##### STORED DATA #####
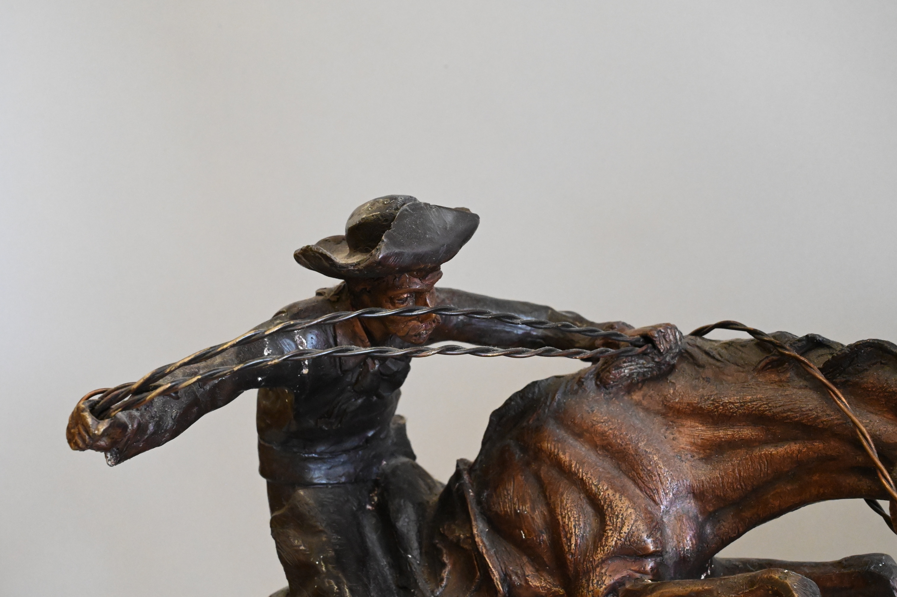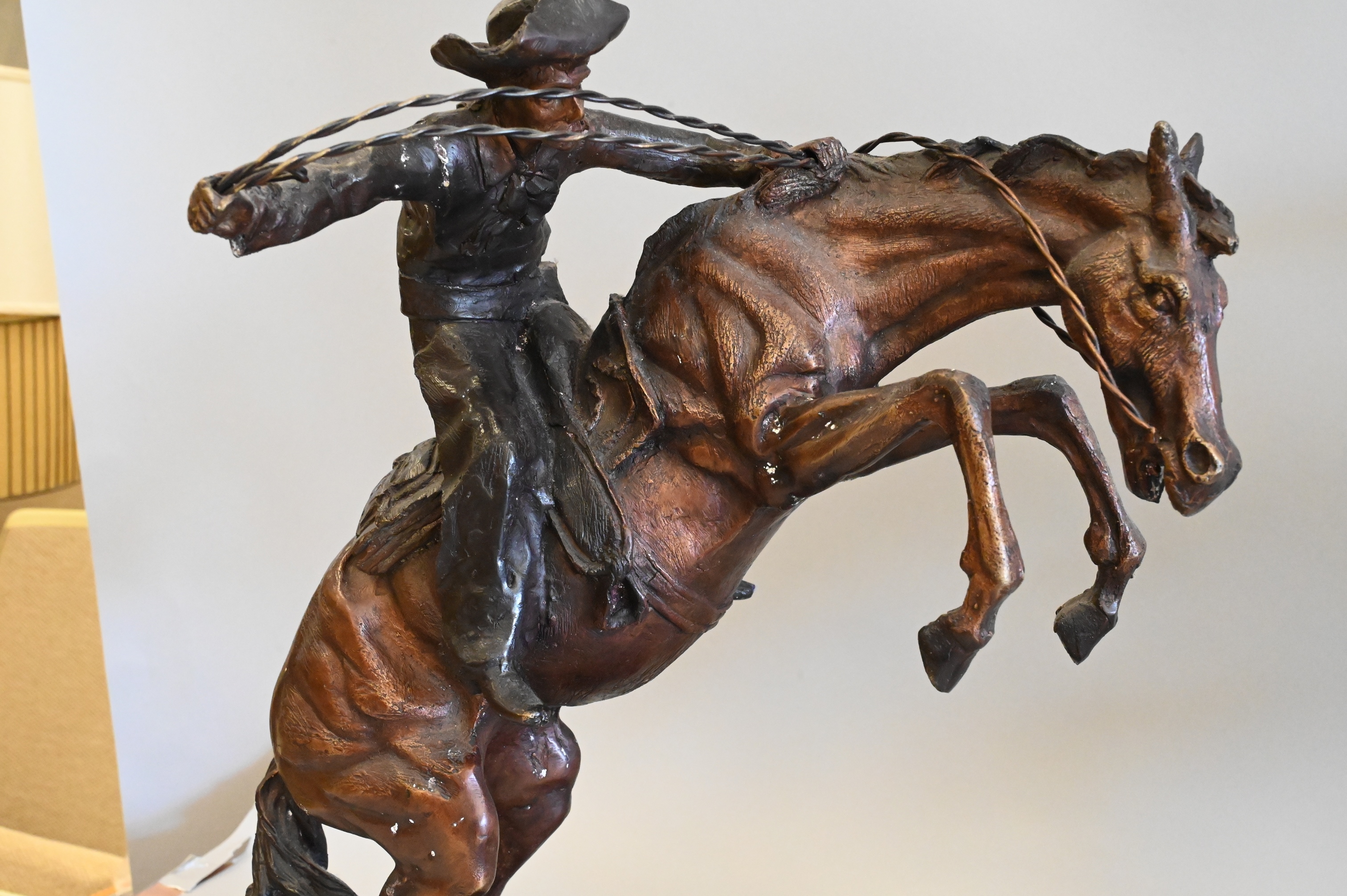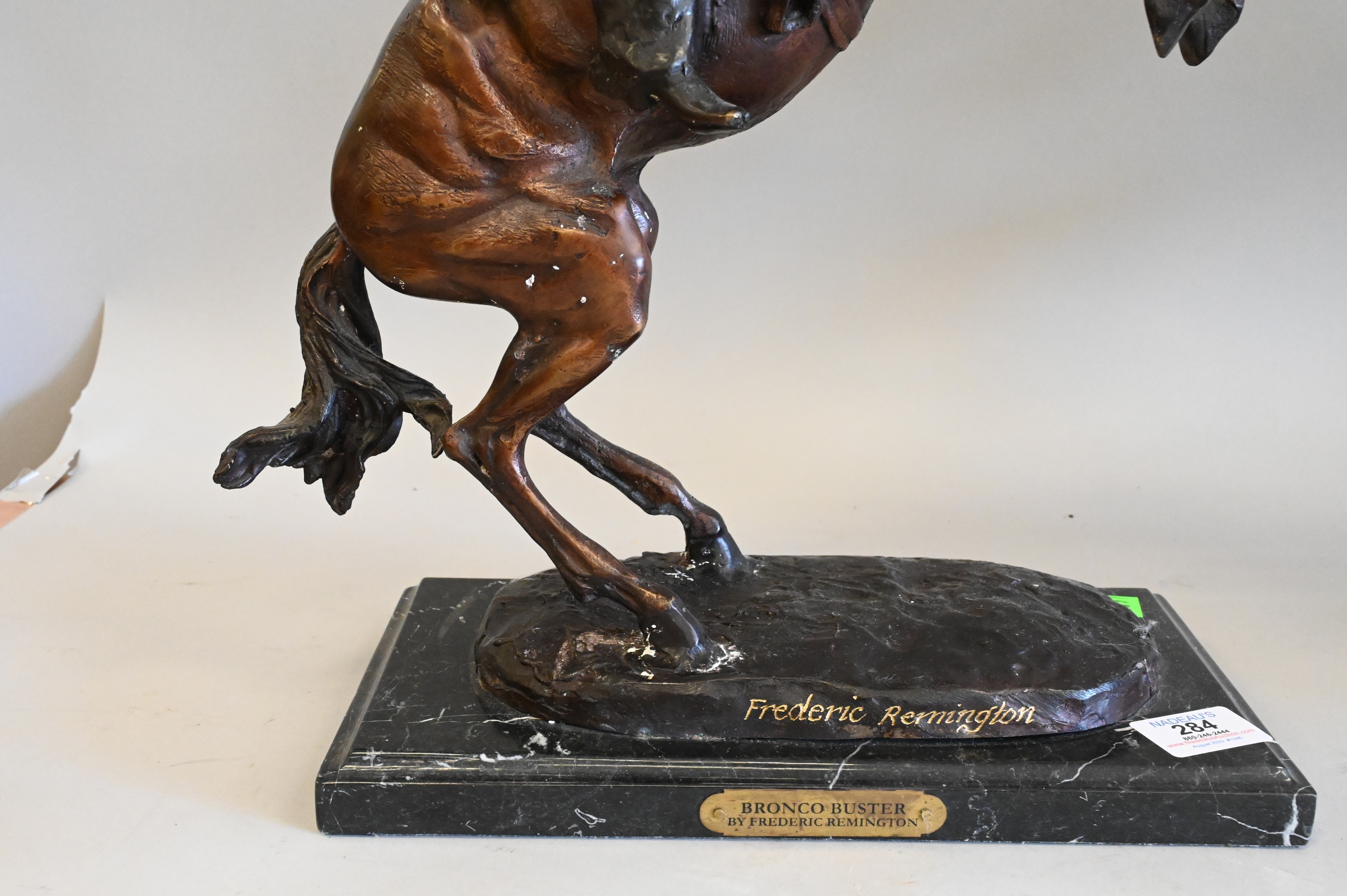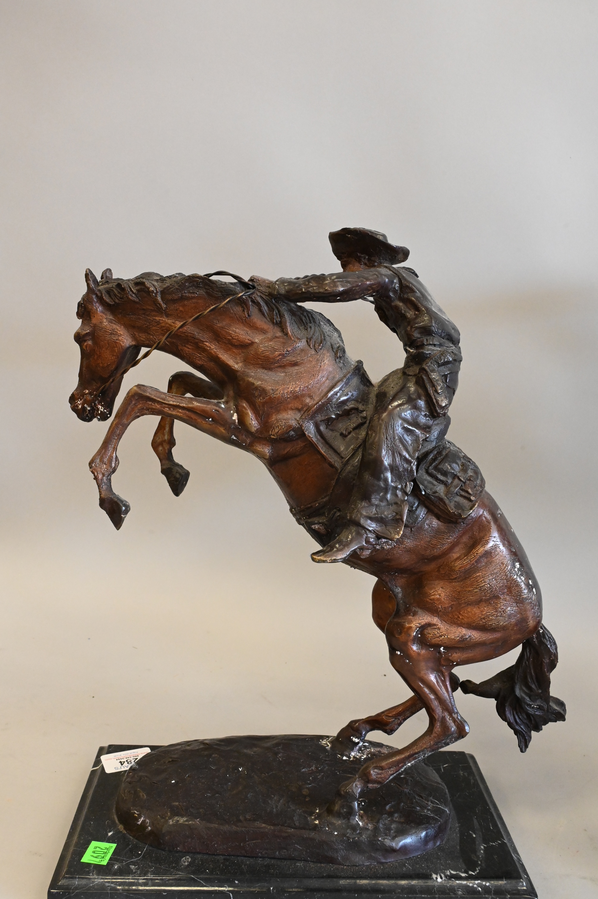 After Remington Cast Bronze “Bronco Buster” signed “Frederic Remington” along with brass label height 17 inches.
#####
##### STORED DATA #####
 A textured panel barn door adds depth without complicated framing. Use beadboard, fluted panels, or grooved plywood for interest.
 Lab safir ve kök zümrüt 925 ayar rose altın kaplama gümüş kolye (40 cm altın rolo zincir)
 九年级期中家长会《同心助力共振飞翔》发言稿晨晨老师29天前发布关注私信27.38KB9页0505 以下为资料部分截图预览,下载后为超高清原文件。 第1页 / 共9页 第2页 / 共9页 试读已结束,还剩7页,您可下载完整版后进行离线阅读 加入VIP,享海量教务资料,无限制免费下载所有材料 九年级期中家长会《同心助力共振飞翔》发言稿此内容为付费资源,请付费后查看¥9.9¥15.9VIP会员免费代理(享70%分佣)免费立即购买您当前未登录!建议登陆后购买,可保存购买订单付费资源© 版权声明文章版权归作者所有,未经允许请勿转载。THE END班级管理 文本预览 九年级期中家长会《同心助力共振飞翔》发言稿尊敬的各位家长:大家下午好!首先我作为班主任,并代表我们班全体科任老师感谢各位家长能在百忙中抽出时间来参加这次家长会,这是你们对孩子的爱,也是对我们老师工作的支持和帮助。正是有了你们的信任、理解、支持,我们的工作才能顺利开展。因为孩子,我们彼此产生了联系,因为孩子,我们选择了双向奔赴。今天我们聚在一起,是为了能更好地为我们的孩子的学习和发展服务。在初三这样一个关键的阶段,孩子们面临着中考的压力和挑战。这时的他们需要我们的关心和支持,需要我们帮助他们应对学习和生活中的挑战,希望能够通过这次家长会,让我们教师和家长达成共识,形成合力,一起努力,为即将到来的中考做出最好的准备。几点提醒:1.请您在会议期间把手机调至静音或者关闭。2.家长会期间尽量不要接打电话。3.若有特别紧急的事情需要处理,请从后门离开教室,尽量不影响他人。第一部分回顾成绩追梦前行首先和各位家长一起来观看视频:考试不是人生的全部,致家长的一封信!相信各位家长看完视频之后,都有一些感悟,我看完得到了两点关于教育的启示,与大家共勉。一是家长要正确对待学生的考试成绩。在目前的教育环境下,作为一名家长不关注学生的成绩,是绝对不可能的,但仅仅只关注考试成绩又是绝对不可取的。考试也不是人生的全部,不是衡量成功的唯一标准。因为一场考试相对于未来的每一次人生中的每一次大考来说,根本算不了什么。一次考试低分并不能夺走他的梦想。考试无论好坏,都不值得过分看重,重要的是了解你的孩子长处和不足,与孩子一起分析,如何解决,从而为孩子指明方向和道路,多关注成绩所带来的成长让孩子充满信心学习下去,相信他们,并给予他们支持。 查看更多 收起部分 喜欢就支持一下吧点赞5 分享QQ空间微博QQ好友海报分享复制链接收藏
#####
##### STORED DATA #####
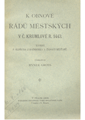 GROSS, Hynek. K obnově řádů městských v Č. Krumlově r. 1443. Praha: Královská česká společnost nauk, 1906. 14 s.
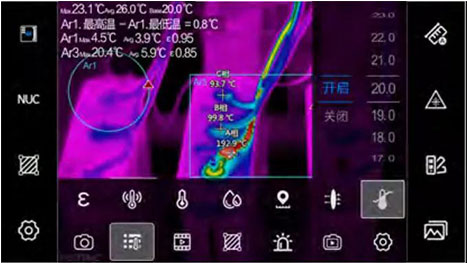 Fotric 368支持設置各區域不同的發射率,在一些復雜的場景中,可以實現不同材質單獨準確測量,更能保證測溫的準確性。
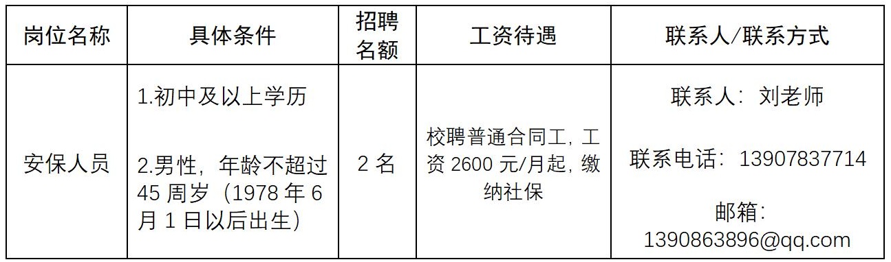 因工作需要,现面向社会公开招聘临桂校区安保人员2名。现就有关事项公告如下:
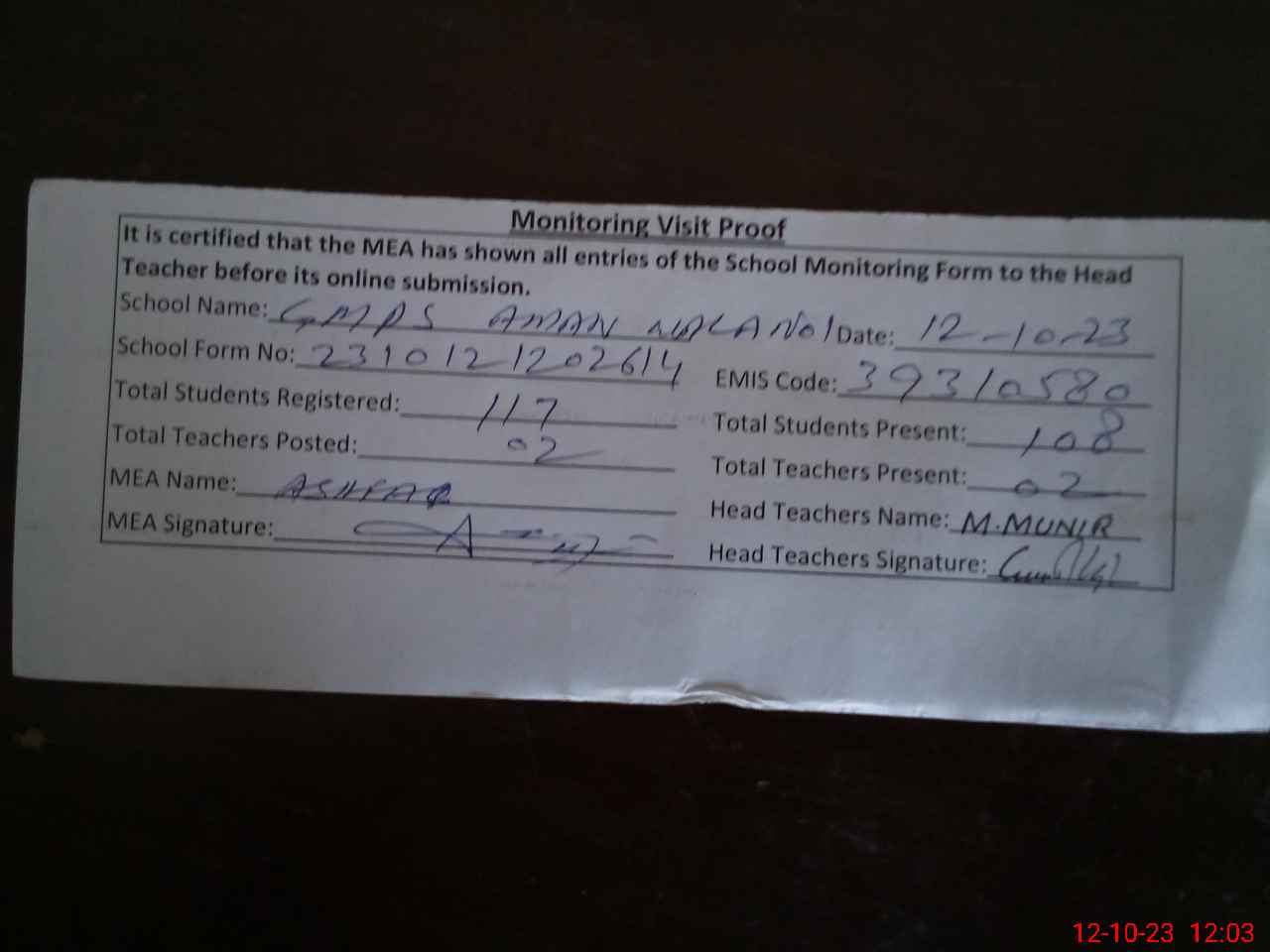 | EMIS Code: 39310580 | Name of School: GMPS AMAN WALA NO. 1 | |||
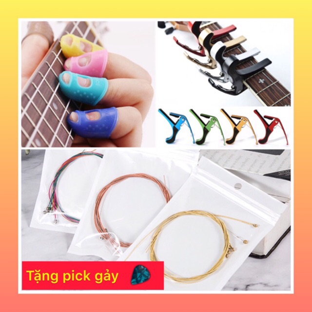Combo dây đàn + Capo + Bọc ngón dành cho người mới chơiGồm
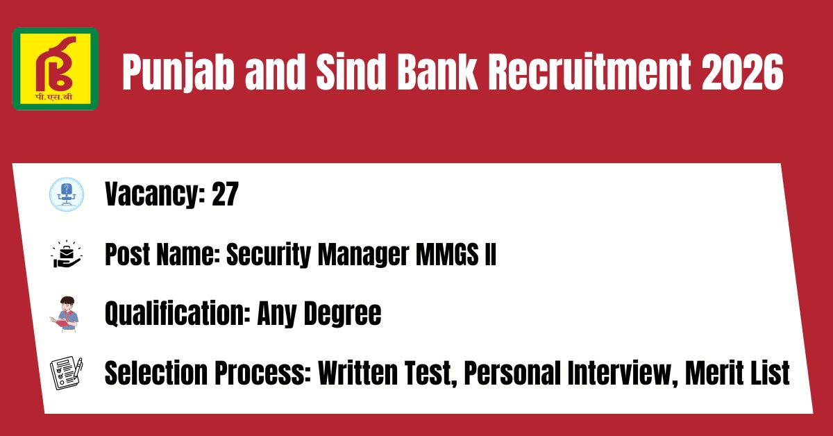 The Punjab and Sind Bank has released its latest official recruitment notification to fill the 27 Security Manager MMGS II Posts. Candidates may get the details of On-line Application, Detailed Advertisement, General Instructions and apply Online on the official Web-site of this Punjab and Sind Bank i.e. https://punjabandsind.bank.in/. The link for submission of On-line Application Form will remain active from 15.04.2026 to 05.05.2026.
#####
- TASK TO CARRY OUT -
The reply should hold exactly the lines above, starting at the line with "WALA NO. 1 | |||" and ending at the line with "The Punjab and", and no pictures.

- REPLY TO THE TASK -
 | EMIS Code: 39310580 | Name of School: GMPS AMAN WALA NO. 1 | |||
Combo dây đàn + Capo + Bọc ngón dành cho người mới chơiGồm
 The Punjab and Sind Bank has released its latest official recruitment notification to fill the 27 Security Manager MMGS II Posts. Candidates may get the details of On-line Application, Detailed Advertisement, General Instructions and apply Online on the official Web-site of this Punjab and Sind Bank i.e. https://punjabandsind.bank.in/. The link for submission of On-line Application Form will remain active from 15.04.2026 to 05.05.2026.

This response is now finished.